By any reasonable definition of product liability law, Apple products are Apple’s products regardless of whether Apple subcontracts some or much of the effort. Apple is liable for any product failures that injure buyers. Consequently Apple is responsible for the actions of their suppliers to the extent that they are working on Apple’s products. Thus it comes down to this: what can and should Apple and other companies do when their sub-contractors are not holding to acceptable Western standards?
Here are my two suggestions:
- Apple could insist that dull, dirty and dangerous tasks be automated with robotics and other processes that eliminate these jobs and, more importantly, reduce the areas where injury and discontent are likely to occur.

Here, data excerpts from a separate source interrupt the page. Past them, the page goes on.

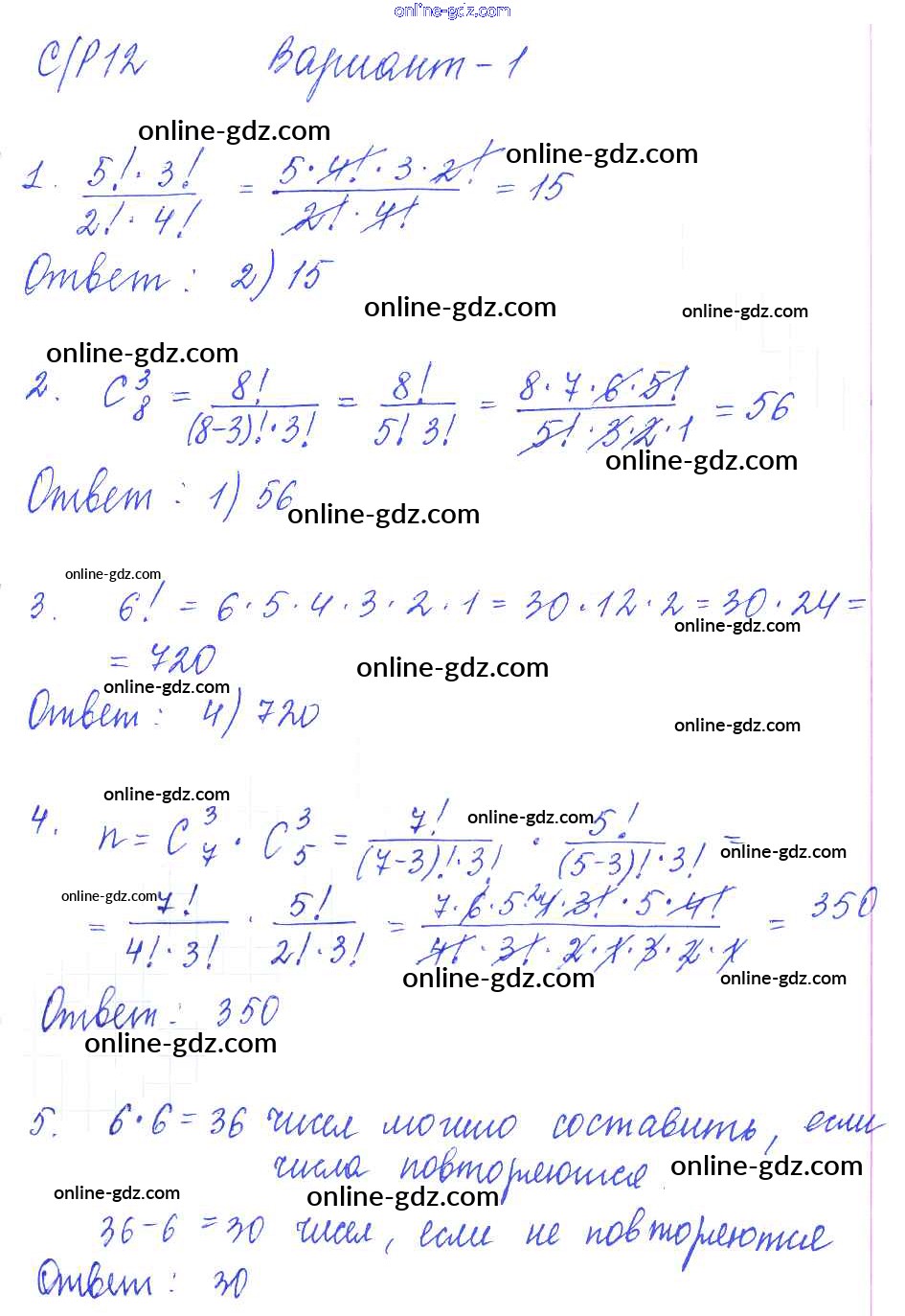 Готовые домашние задания по Алгебре за 9 класс Самостоятельные и контрольные работы Глазков, Варшавский УМК 2013 - СР-12. Элементы комбинаторики Самостоятельные работы вариант 1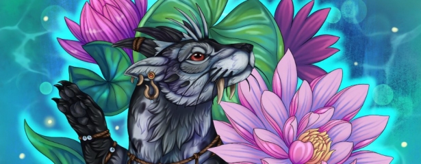 создает яркие иллюстрации и поделки вроде ловцов снова и фигурок персонажей, разрисовывая их в замысловатые цветочные узоры, в основном связанные с друидами, ночными эльфами и пушистой живностью.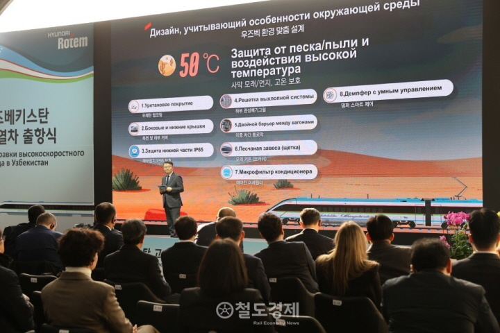 이날 행사에서 이원상 CTO는 "우즈벡 고속열차는 7번째 동력분산식 상용화 사업으로 한국 고속열차 제작 노하우가 반영된 최신형 차량"이라며 "이미 국내서 검증된 KTX-이음 모델을 개량해 현지 환경에 맞게 성능을 보완했다"고 설명했다.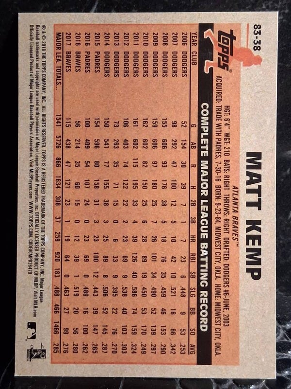 2018 Topps Matt Kemp #83-38 1983 Topps Baseball Atlanta Braves 10K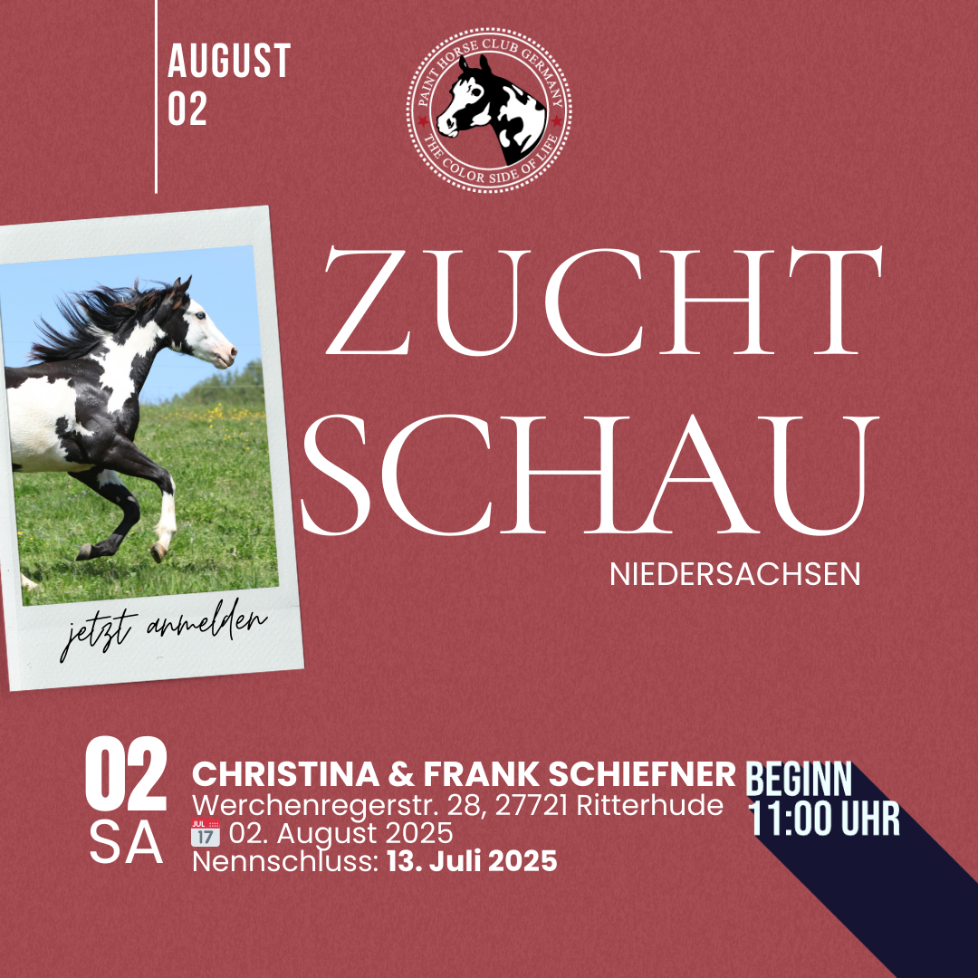 Am 2. August 2025 fand in Ritterhude die niedersächsische Zuchtschau des PHCG statt. Zahlreiche Stut- und Hengstfohlen sowie Stuten und Veredler stellten sich der Bewertung. Die Veranstaltung zeigte eindrucksvoll die Qualität der vorgestellten Pferde und spiegelte die engagierte Arbeit der Züchterinnen und Züchter wider.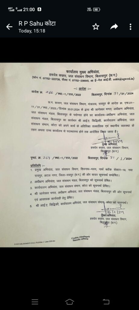 Illegal posting in Department of Water Resources: जूनियर अधिकारी आईए सिद्दीकी को एसई और प्रोबेशनर असिस्टेंट इंजीनियर प्रवीण कुमार को एसडीओ जल संसाधन-निर्माण उप संभाग बिलासपुर का चार्ज दिया गया है।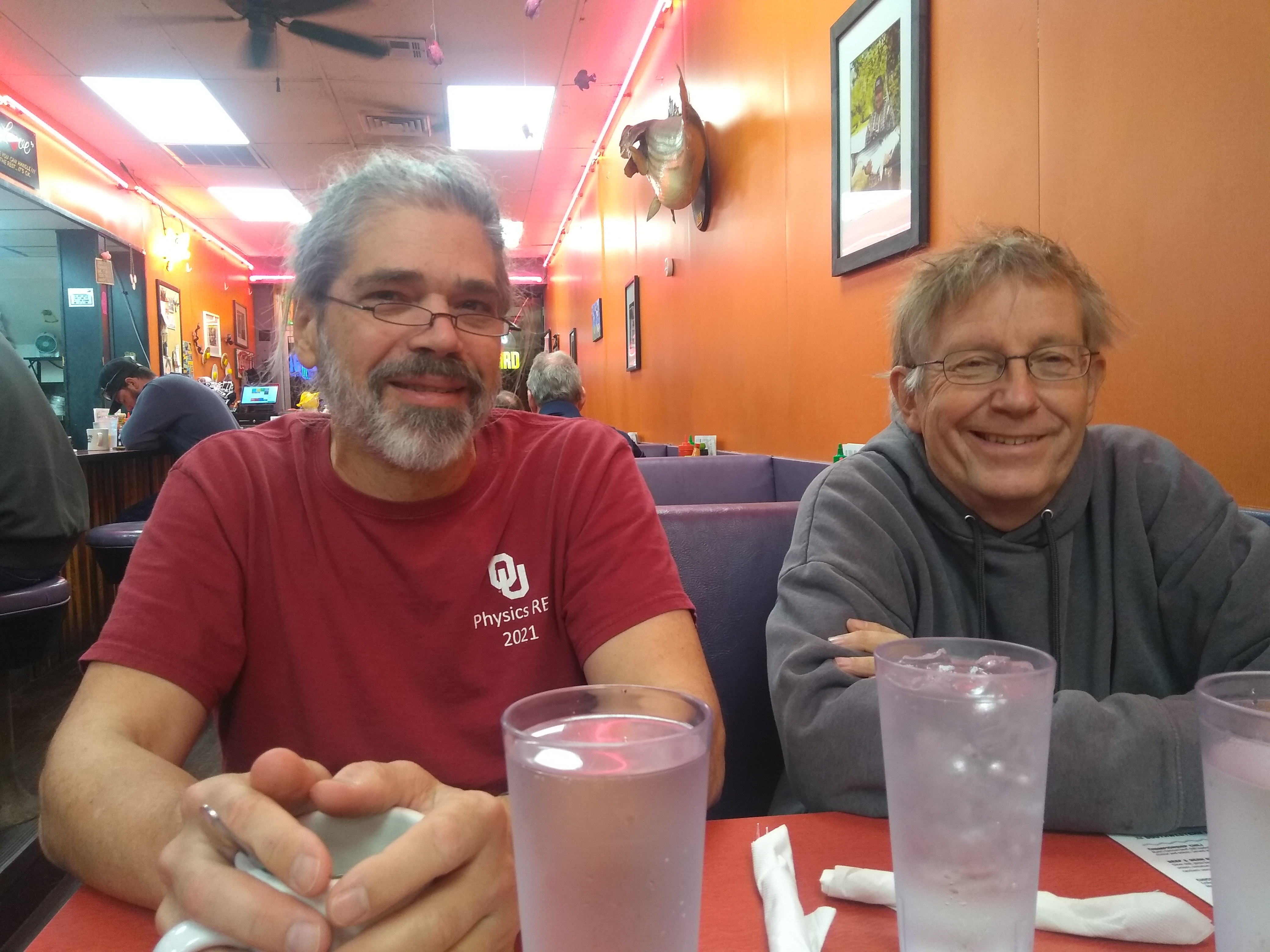 We parked by Lloyd’s place around 6 am. Lloyd was out to receive us. We all went for breakfast at a local diner. Once back, Johan and Lloyd went to his lab (Lloyd is a Physics Professor at the University of Oklahoma) to get the laser to work. Around 10 am, Tanya, Leena and I decided to walk over to the library which was a mile away. It was a fun walk and a lovely library. However, the storm came in, and we got stuck for many hours there. We read, researched and explored the library. We ran back when there was a slight break in the storm. That evening we went out for dinner at a nice, alternative style restaurant with Lloyd and his girlfriend Joyce. It was a fun time. However, when we got back, we discovered that Kylo had torn up one of our couches in rage at us disappearing for all these hours. Sigh. The redesigned couch is not overly uncomfortable, but definitely ugly!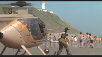 At least one Hughes 500E existed in G-Force's inventory by 1996. Following the destruction of Baas Island as a result of Godzilla's impending meltdown, Miki Saegusa piloted the helicopter on a mission to locate Godzilla Junior, who was traveling north towards his nest site on Adonoa Island. Later, during Godzilla and Junior's final battle with Destoroyah, Miki and Meru Ozawa piloted the chopper over the battlefield in time to witness Destoroyah drop Junior onto Ariake Coliseum, mortally wounding him. After landing the helicopter, Miki and Meru ran towards Junior, but Destoroyah blasted him with his Micro-Oxygen Ray, killing him and destroying the helicopter.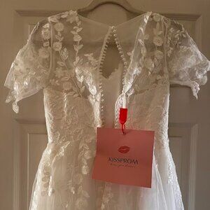 Tea Length Sleeves Modern A-Line V-Neck Button Back Wedding Dress / Size US 4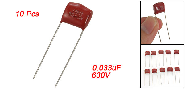 Product Name Film Capacitor Dielectric Material Metallized Polypropylene Film Model CBB22 Capacitance 0.033uF Tolerance ±5% Withstand Voltage 630V Body Size 10 x 9 x 4mm / 0.39" x 0.35" x 0.15" (L * W * T) L:ead Size 0.8 x 27mm / 0.031" x 1.06" (D * L) Lead Spacing 10mm / 0.39" Color As Picture Shown Weight 8g Package Content 10 x Film Capacitor - Reviews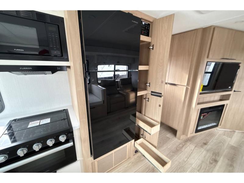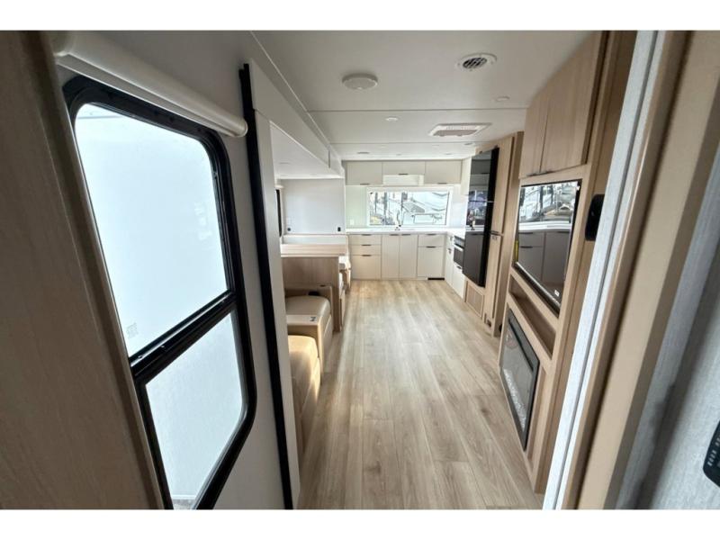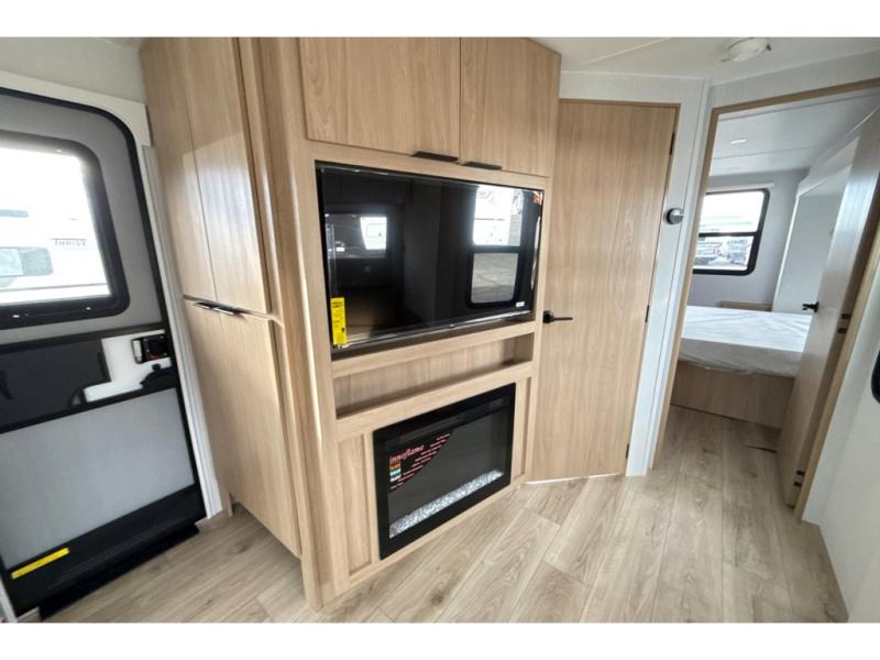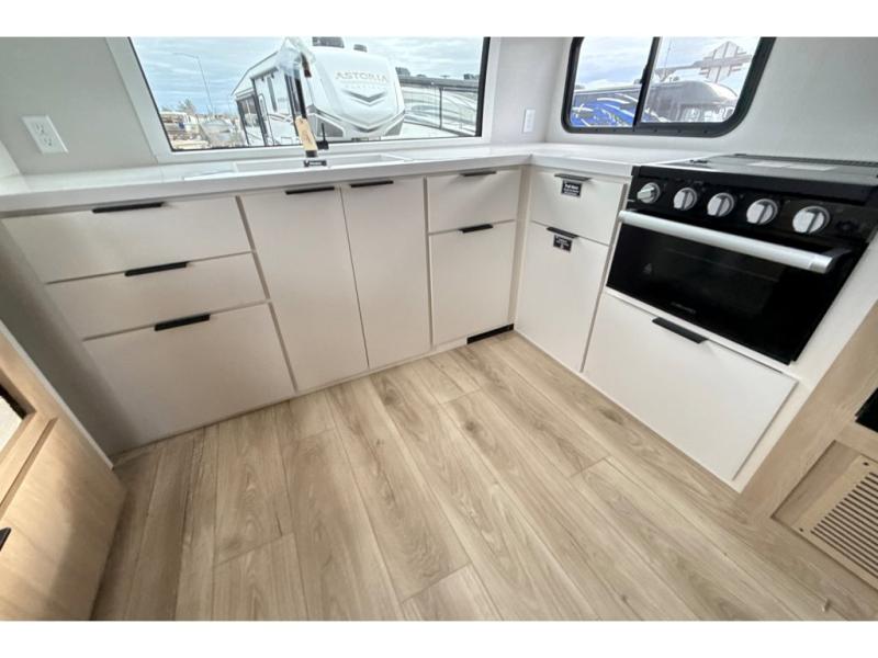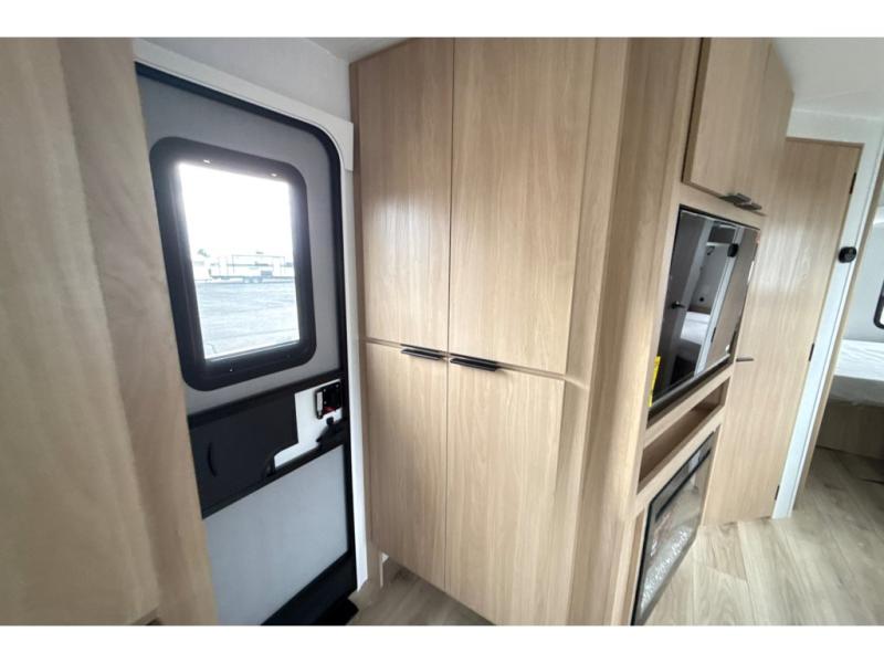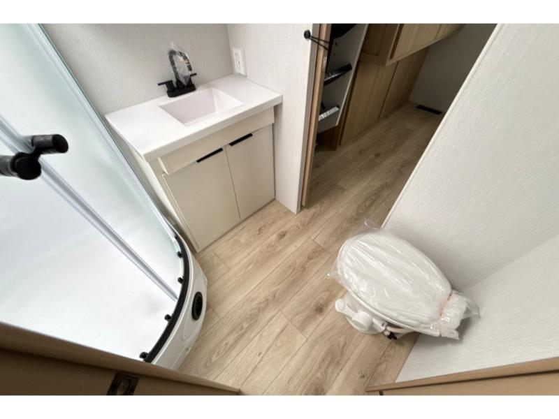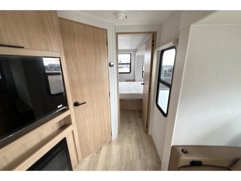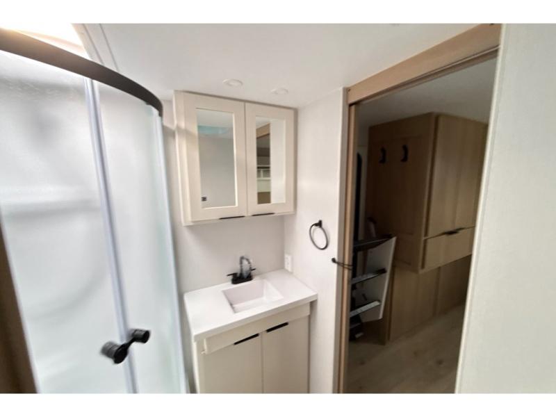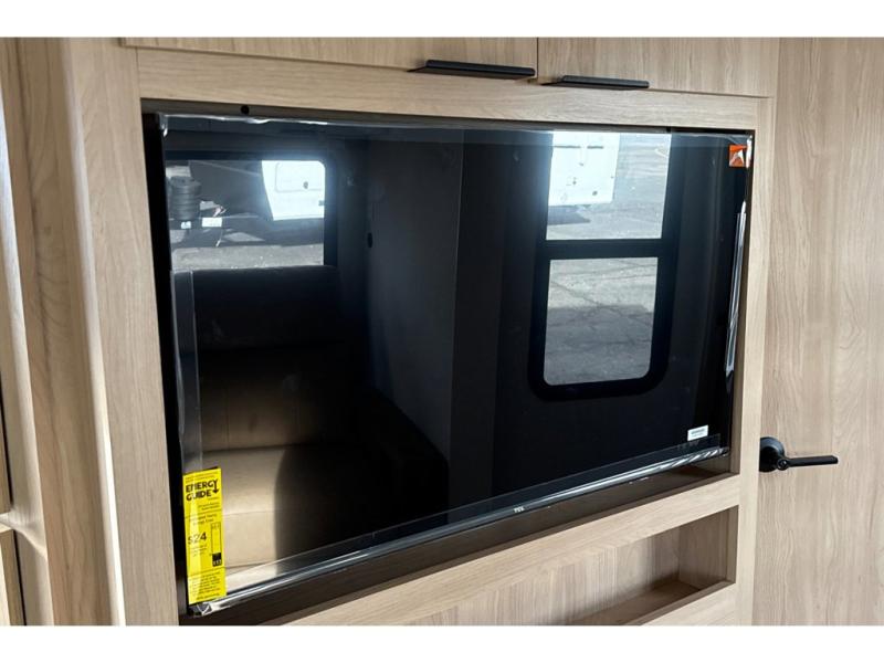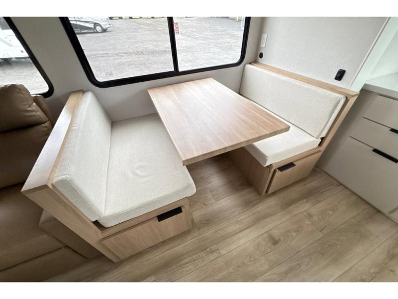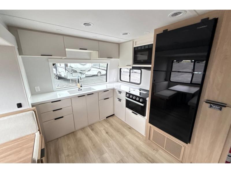 Have everything you need in a compact and well equipped travel trailer. After entering the travel trailer you will find neat places and storage to have everything in place. There is a galley kitchen with molded fiberglass countertops providing unmatched durability. When wanting a perfect place to relax you can enjoy watching TV in the booth dinette or enjoy movies just like at the theaters in the theater seating. If you want to have your own private space you will love the bedroom that has access to a conveniently placed bathroom with a modern radius shower. The bedroom also has a closet to store all your clothes and keep them wrinkle-free!

- The N.Y. Times articles implied that Apple monitors its contractors’ costs and squeezes their profit margins to the lowest level possible and, when that happens, it becomes a major factor in these contractors subjecting their employees to unsafe and unfair working conditions in order to meet Apple’s price. If, on the other hand, Apple provided additional profits to their suppliers but stipulated that those profits be passed down to their workers in the form of additional funds for safety, better work-hours, automation and higher pay, everyone would benefit and the Apple culture would be preserved. Some might argue that this solution doesn’t address the competitive pressures of the marketplace. Apple’s recent quarterly 28% net profit results – and their $92 billion cash hoard – suggest that, regardless of market pressures, Apple does have some ability to share their profits where they will do the most good for long-term growth, the welfare of their sub-contract workers, shareholder value, AND global public relations.